◆ What to produce:
Print all of the entries exactly, minus the pictures.

◆ Data supplied:
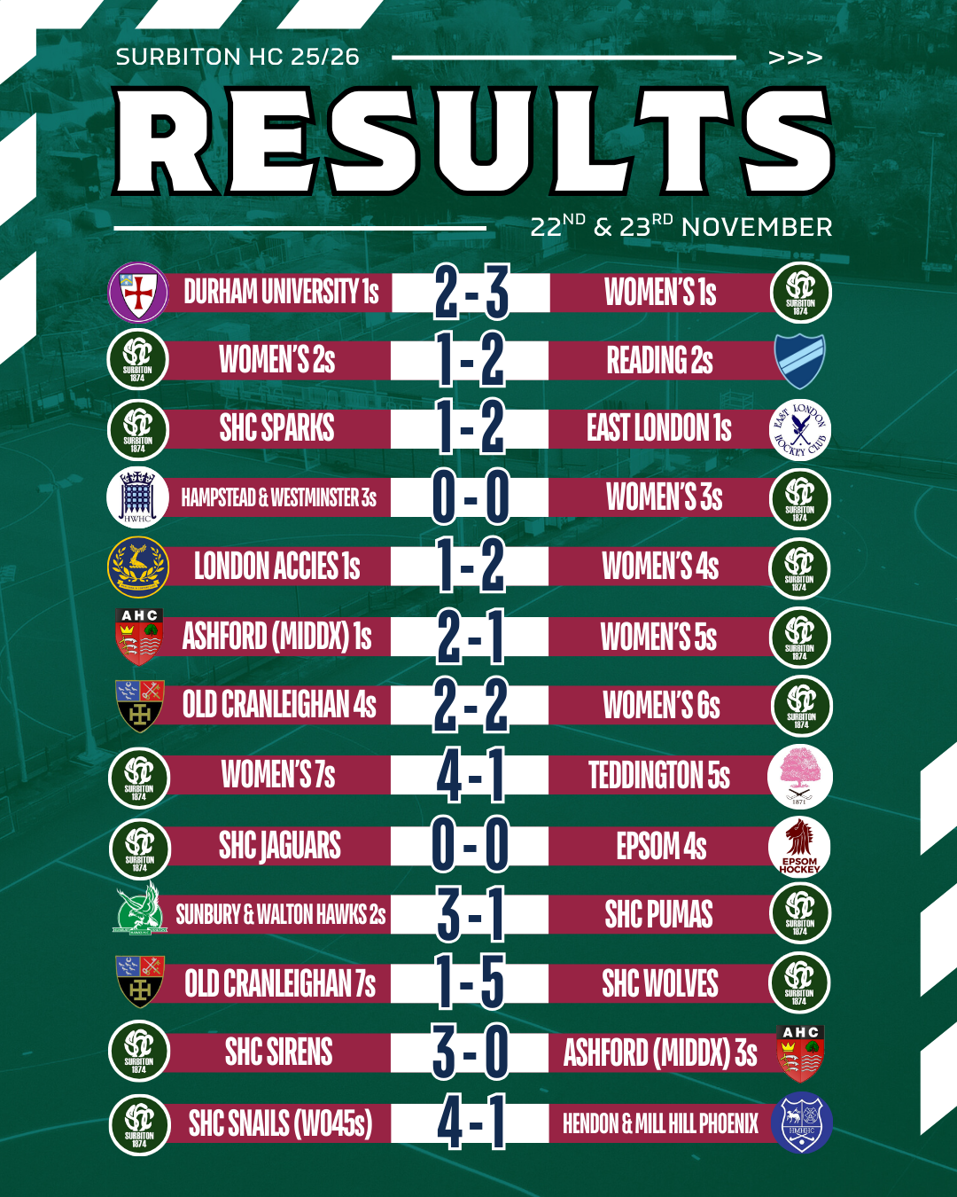 Match reports will be added as they come in - please send yours to magazine@surbitonhc.com
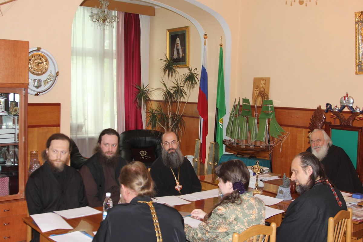 В ходе заседания обсудили итоги успеваемости за 2-е полугодие 2015-2016 учебного года. Особое внимание уделили вопросам дисциплины в студентов. Также обсудили организацию сессии студентов дневного отделения. Экзамены у студентов-очников начнутся со 2 июня 2016 года и продлятся весь июнь. Первый экзамен у первокурсников по предмету «Библеистика (Новый Завет)» примет ректор училища митрополит Владивостокский и Приморский Вениамин.
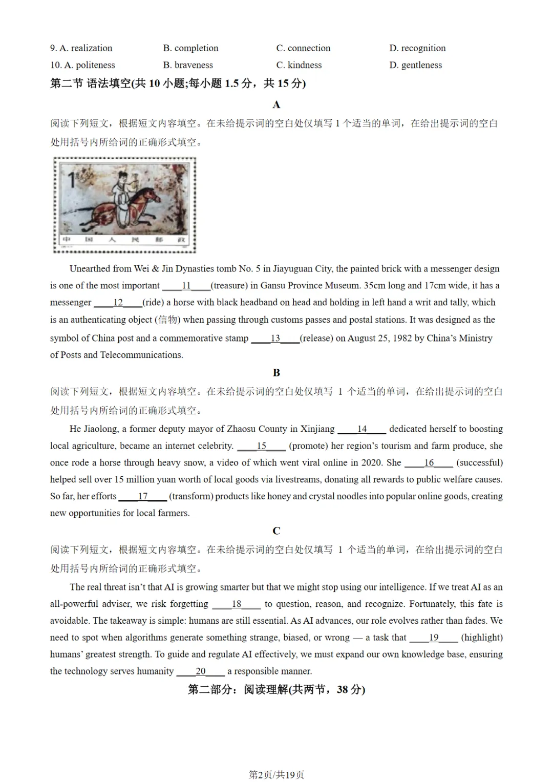 贵州专升本试卷答案完整版!2026年3月贵州专升本考试《英语》《语文》《高数》真题+答案pdf
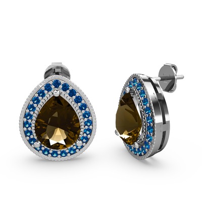 Dumanlı kuvars ve lab safir 925 ayar gümüş küpe
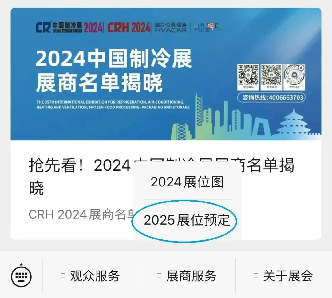↓↓↓ 点击“阅读原文”,预定2025中国制冷展展位
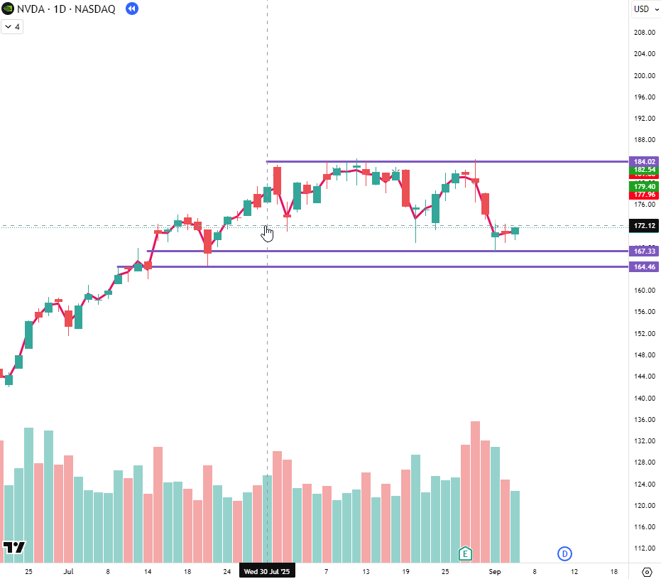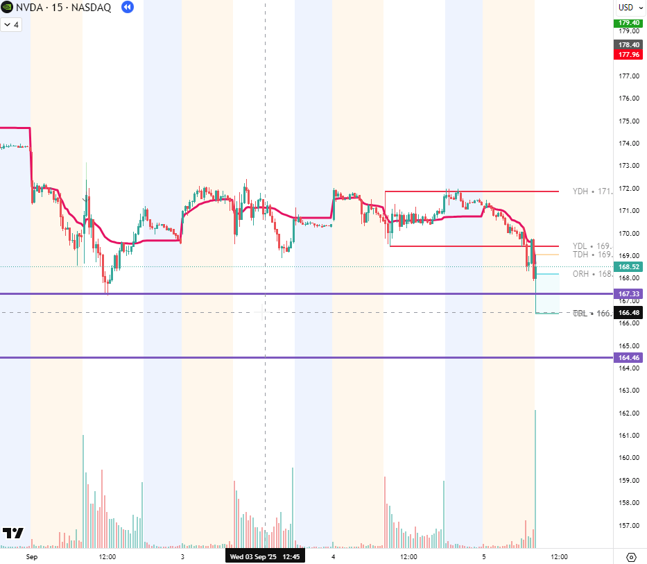 Trade Thesis: NVDA was showing relative weakness at the open. AMD was also selling off on news and NVDA could have been seen as a sympathy play.
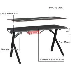 Devoko Bureau Gaiming 140 Cm Bureau Gamer Informatique Table Avec Porte-Boisson Et Porte-Casque Noir
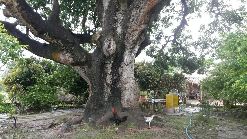 Gốc xoài lớn đến bốn người ôm không hết. Ảnh: NGÂN HÀ
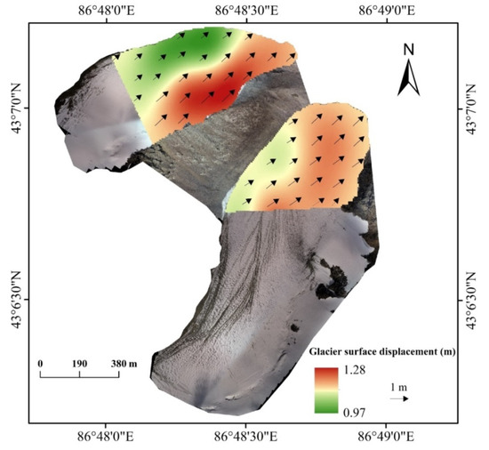 Figure 6 shows the distribution of the glacier surface displacement derived from the comparison of the two orthomosaic images from the UAV surveys during the ablation season in 2018. According to this figure, the mean, maximum, and minimum displacements are 1.1 m, 1.28 m, and 0.97 m, respectively. Then, the surface velocity distribution could be obtained by dividing the time interval by the displacement. The calculated mean surface velocity is 3.3 m/yr and the maximum and minimum values are 5.7 m/yr and 2.9 m/yr, respectively. Figure 6 also indicates that the spatial change of the velocity is less in the East Branch than in the West Branch.
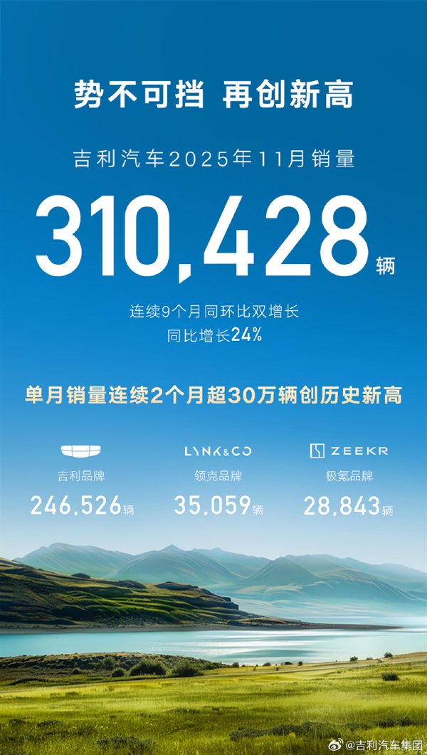 11月,吉利乘用车销量310428辆,同比增长24%,再创历史新高,已连续9个月保持同环比提升。
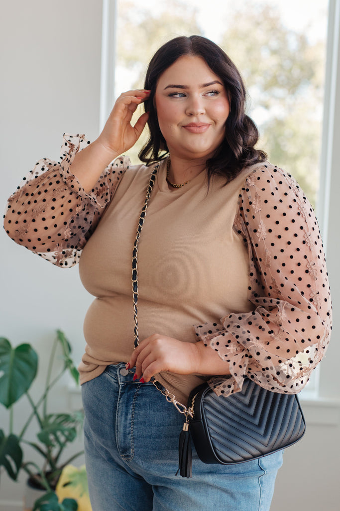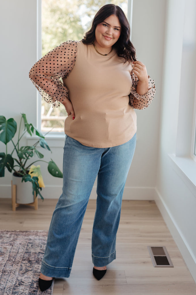 Be fashion-forward in our exclusive Dots on My Sleeves Blouse! This slim-fit top features sheer sleeves embellished with velvet polka dots and an embroidered floral pattern. The round neckline gives the perfect finishing touch to this unique style. Stay chic and look fabulous in this essential blouse!

◆ Reply:
 Match reports will be added as they come in - please send yours to magazine@surbitonhc.com
 В ходе заседания обсудили итоги успеваемости за 2-е полугодие 2015-2016 учебного года. Особое внимание уделили вопросам дисциплины в студентов. Также обсудили организацию сессии студентов дневного отделения. Экзамены у студентов-очников начнутся со 2 июня 2016 года и продлятся весь июнь. Первый экзамен у первокурсников по предмету «Библеистика (Новый Завет)» примет ректор училища митрополит Владивостокский и Приморский Вениамин.
 贵州专升本试卷答案完整版!2026年3月贵州专升本考试《英语》《语文》《高数》真题+答案pdf
 Dumanlı kuvars ve lab safir 925 ayar gümüş küpe
↓↓↓ 点击“阅读原文”,预定2025中国制冷展展位
 Trade Thesis: NVDA was showing relative weakness at the open. AMD was also selling off on news and NVDA could have been seen as a sympathy play.
 Devoko Bureau Gaiming 140 Cm Bureau Gamer Informatique Table Avec Porte-Boisson Et Porte-Casque Noir
 Gốc xoài lớn đến bốn người ôm không hết. Ảnh: NGÂN HÀ
 Figure 6 shows the distribution of the glacier surface displacement derived from the comparison of the two orthomosaic images from the UAV surveys during the ablation season in 2018. According to this figure, the mean, maximum, and minimum displacements are 1.1 m, 1.28 m, and 0.97 m, respectively. Then, the surface velocity distribution could be obtained by dividing the time interval by the displacement. The calculated mean surface velocity is 3.3 m/yr and the maximum and minimum values are 5.7 m/yr and 2.9 m/yr, respectively. Figure 6 also indicates that the spatial change of the velocity is less in the East Branch than in the West Branch.
 11月,吉利乘用车销量310428辆,同比增长24%,再创历史新高,已连续9个月保持同环比提升。
 Be fashion-forward in our exclusive Dots on My Sleeves Blouse! This slim-fit top features sheer sleeves embellished with velvet polka dots and an embroidered floral pattern. The round neckline gives the perfect finishing touch to this unique style. Stay chic and look fabulous in this essential blouse!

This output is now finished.